* [Exercise aim] Word for word, write out the entries that follow, omitting all pictures.

+--

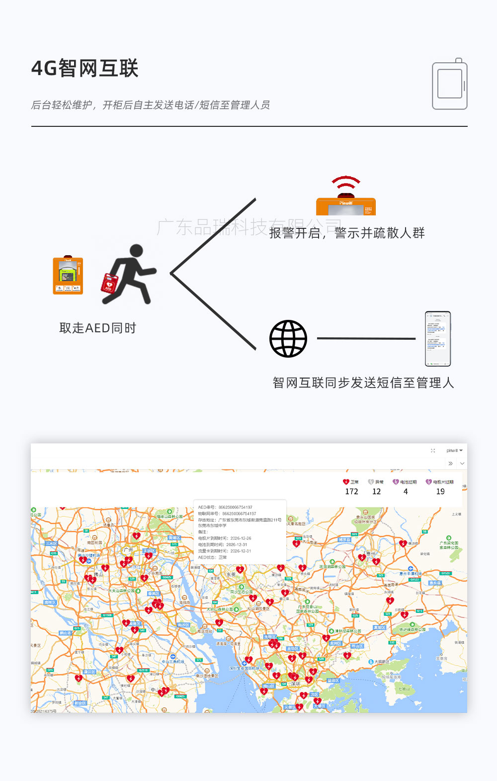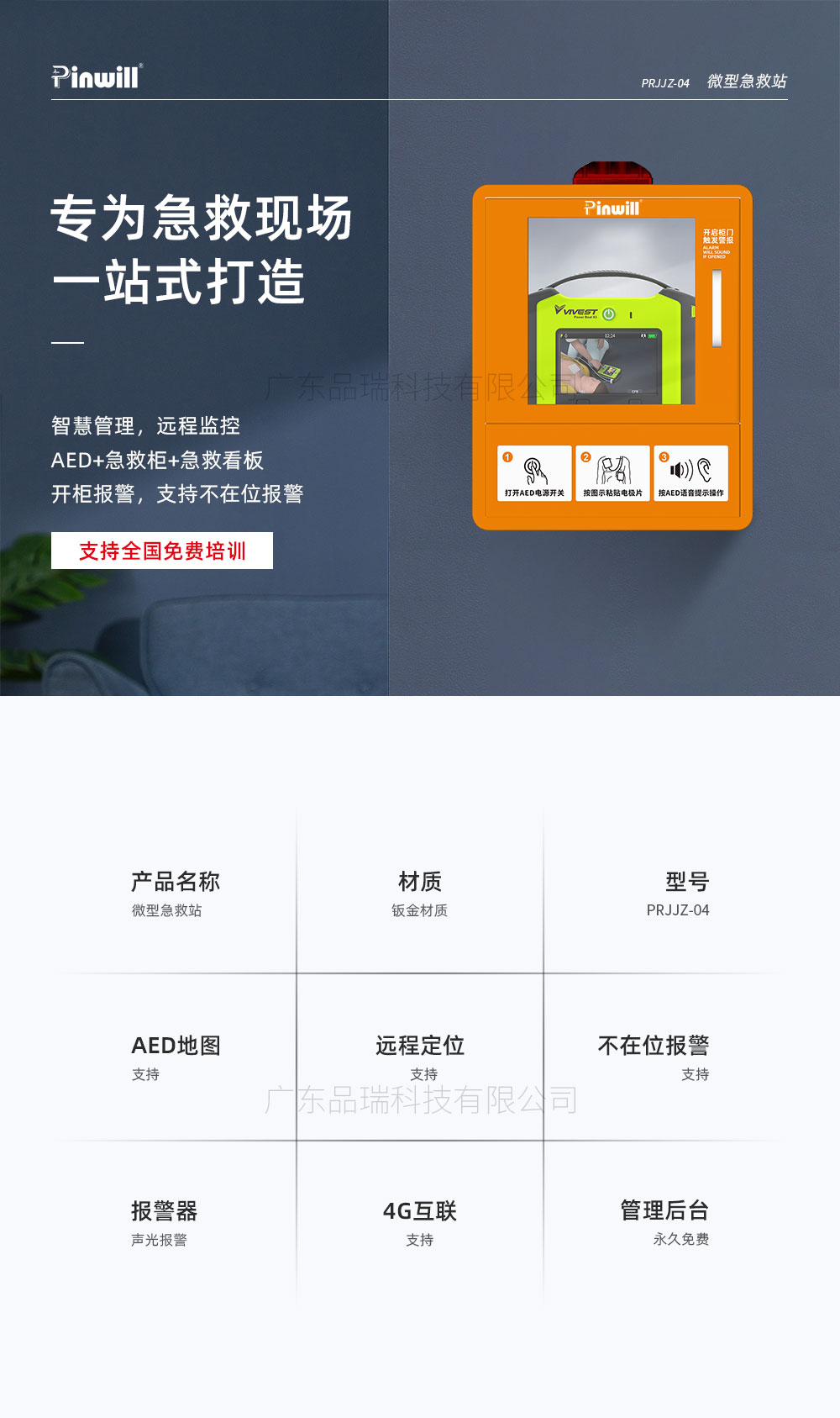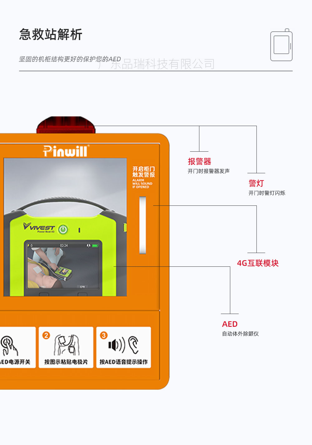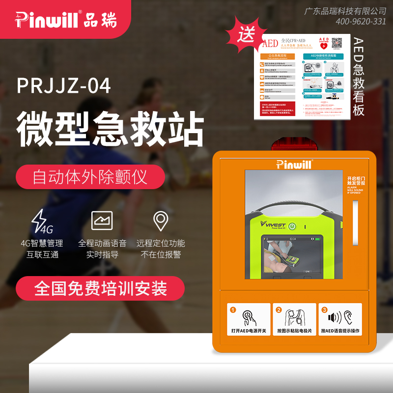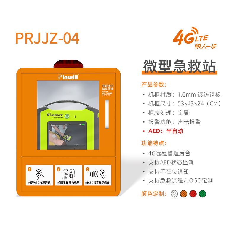 微型急救站 品瑞PRJJZ-04 4G联网 实时传输数据 AED急救站 AED除颤仪,心脏骤停紧急救治。通过网络数据,可实施快速传输,AED急救系统,后台数据管理,监控等功能。
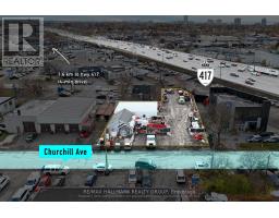 Located in west-central Ottawa, this urban industrial site pairs a 700 sq ft office with a 1,200 sq ft coverall and an efficient 12,700 sq ft yard - well suited to contractor operations, fleet staging, and service logistics. Churchill frontage delivers in-city visibility and clean truck routing, with rapid access to Hwy 417 (Queensway) east/west and core arterials for metro-wide deployment and labour reach. (id:31145)
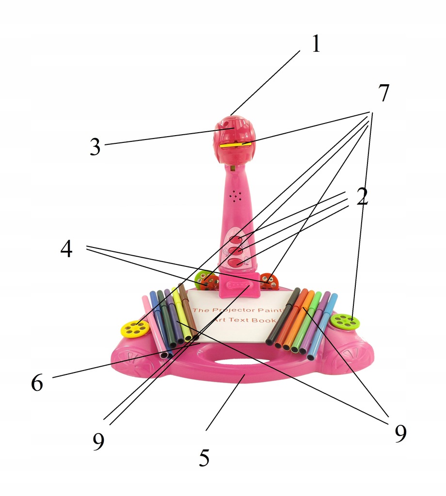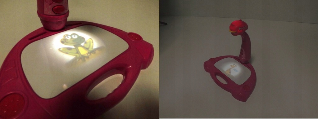 - Po włączeniu projektora zaświeca się światełko, po włożeniu krążka wyświetlają się slajdy. Slajdy można wyświetlać na podstawie projektora i odrysowywać w notesiku albo bezpośrednio na podstawie.
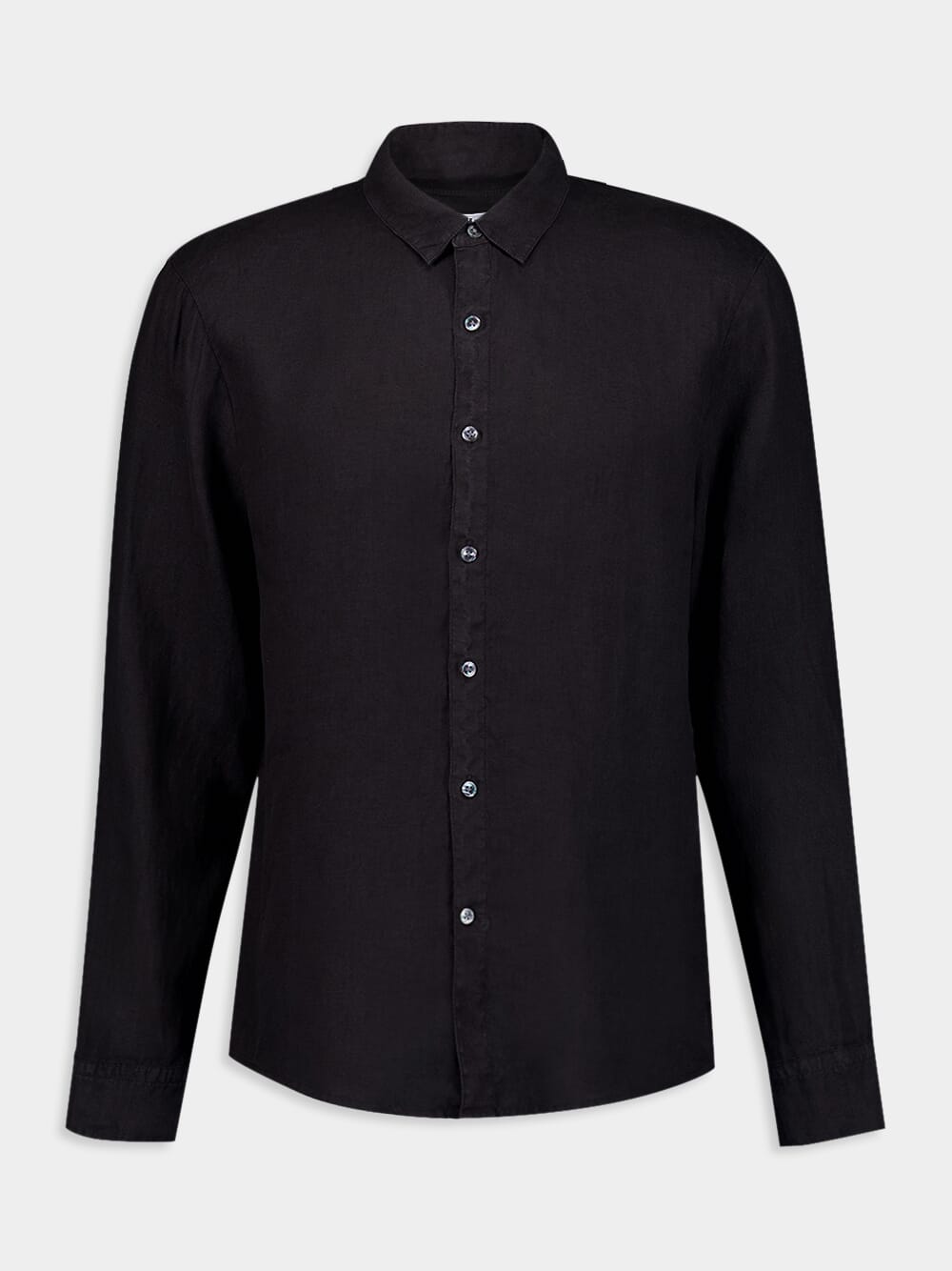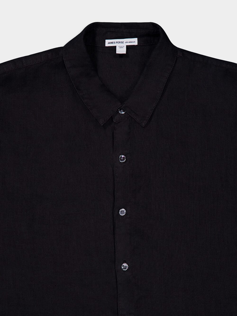Classic Linen Black Shirt, expertly crafted with garment-dyed lightweight linen for unparalleled comfort. Elevate your summer wardrobe with this soft and breathable essential, perfect for everyday wear. This timeless shirt features a stylish collar, button front closure, full-length sleeves with placket at cuffs, and a shirttail hem.
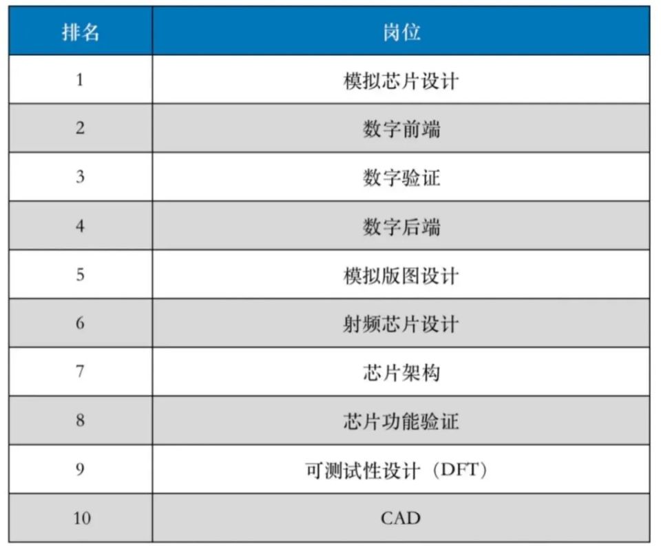 图:集成电路设计业TOP 10紧缺岗位
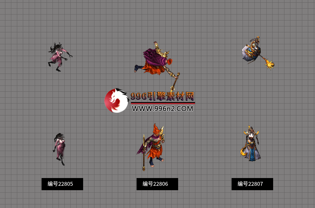 上传之前素材已经经过多次压缩. 实际的素材效果要比下面的图片强很多倍. 996素材下载后可以直接调用。跟版本的编号相同,修改一下就可以了, 大大节省了GM的用图片转换成996素材的时间 说明:本站所有素材全是从用996引擎游戏中调整好坐标后截图.看到是什么样的,安装到自己版本中就是什么样的.
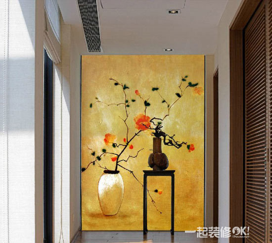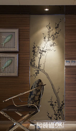小编点评:一小块的水墨背景仅仅用一个小小的吸顶灯照射,得到的效果却是挺不过的。在一片暗色的墙面上嵌上那么一块稍微明亮的地方,能瞬间提升角落的美感。
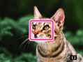 When you press the shutter button halfway down in still image shooting mode, a green frame is displayed around the area that is in focus.
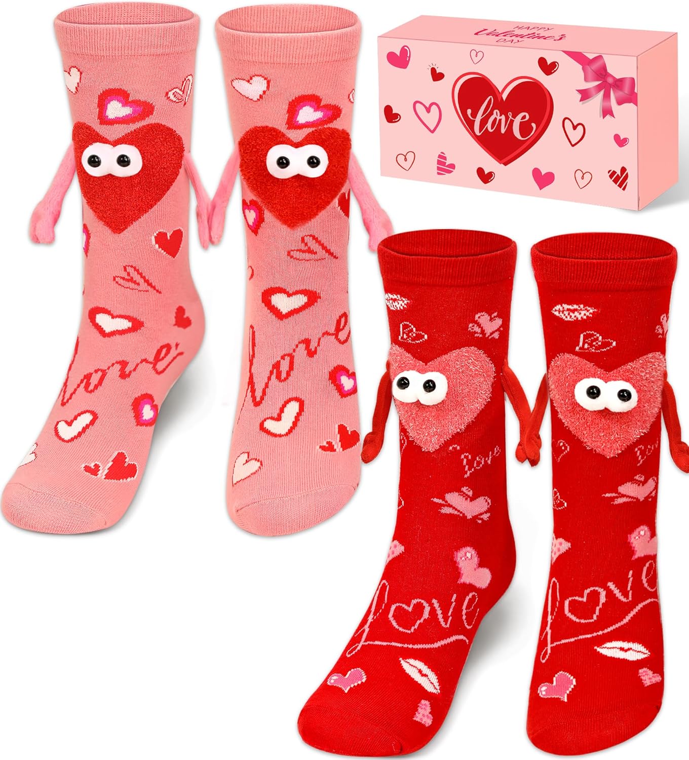 itswordpiz Valentines Day Gifts for Her, 2 Pairs Valentines Socks for Women, Funny Magnetic Holding Hands Couple Socks for Wife Friends or Teens,
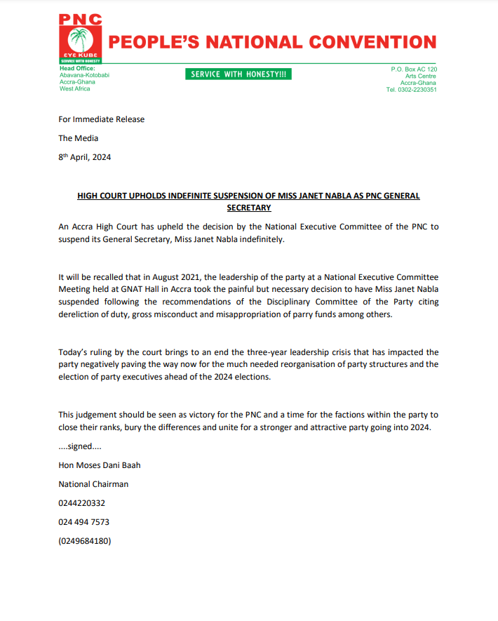 An Accra High Court has upheld the National Executive Committee (NEC) decision of the People’s National Convention (PNC) to suspend its General Secretary, Janet Nabla, indefinitely.

+--

* [Exercise solution]
 微型急救站 品瑞PRJJZ-04 4G联网 实时传输数据 AED急救站 AED除颤仪,心脏骤停紧急救治。通过网络数据,可实施快速传输,AED急救系统,后台数据管理,监控等功能。
 Located in west-central Ottawa, this urban industrial site pairs a 700 sq ft office with a 1,200 sq ft coverall and an efficient 12,700 sq ft yard - well suited to contractor operations, fleet staging, and service logistics. Churchill frontage delivers in-city visibility and clean truck routing, with rapid access to Hwy 417 (Queensway) east/west and core arterials for metro-wide deployment and labour reach. (id:31145)
 - Po włączeniu projektora zaświeca się światełko, po włożeniu krążka wyświetlają się slajdy. Slajdy można wyświetlać na podstawie projektora i odrysowywać w notesiku albo bezpośrednio na podstawie.
Classic Linen Black Shirt, expertly crafted with garment-dyed lightweight linen for unparalleled comfort. Elevate your summer wardrobe with this soft and breathable essential, perfect for everyday wear. This timeless shirt features a stylish collar, button front closure, full-length sleeves with placket at cuffs, and a shirttail hem.
 图:集成电路设计业TOP 10紧缺岗位
 上传之前素材已经经过多次压缩. 实际的素材效果要比下面的图片强很多倍. 996素材下载后可以直接调用。跟版本的编号相同,修改一下就可以了, 大大节省了GM的用图片转换成996素材的时间 说明:本站所有素材全是从用996引擎游戏中调整好坐标后截图.看到是什么样的,安装到自己版本中就是什么样的.
小编点评:一小块的水墨背景仅仅用一个小小的吸顶灯照射,得到的效果却是挺不过的。在一片暗色的墙面上嵌上那么一块稍微明亮的地方,能瞬间提升角落的美感。
 When you press the shutter button halfway down in still image shooting mode, a green frame is displayed around the area that is in focus.
 itswordpiz Valentines Day Gifts for Her, 2 Pairs Valentines Socks for Women, Funny Magnetic Holding Hands Couple Socks for Wife Friends or Teens,
 An Accra High Court has upheld the National Executive Committee (NEC) decision of the People’s National Convention (PNC) to suspend its General Secretary, Janet Nabla, indefinitely.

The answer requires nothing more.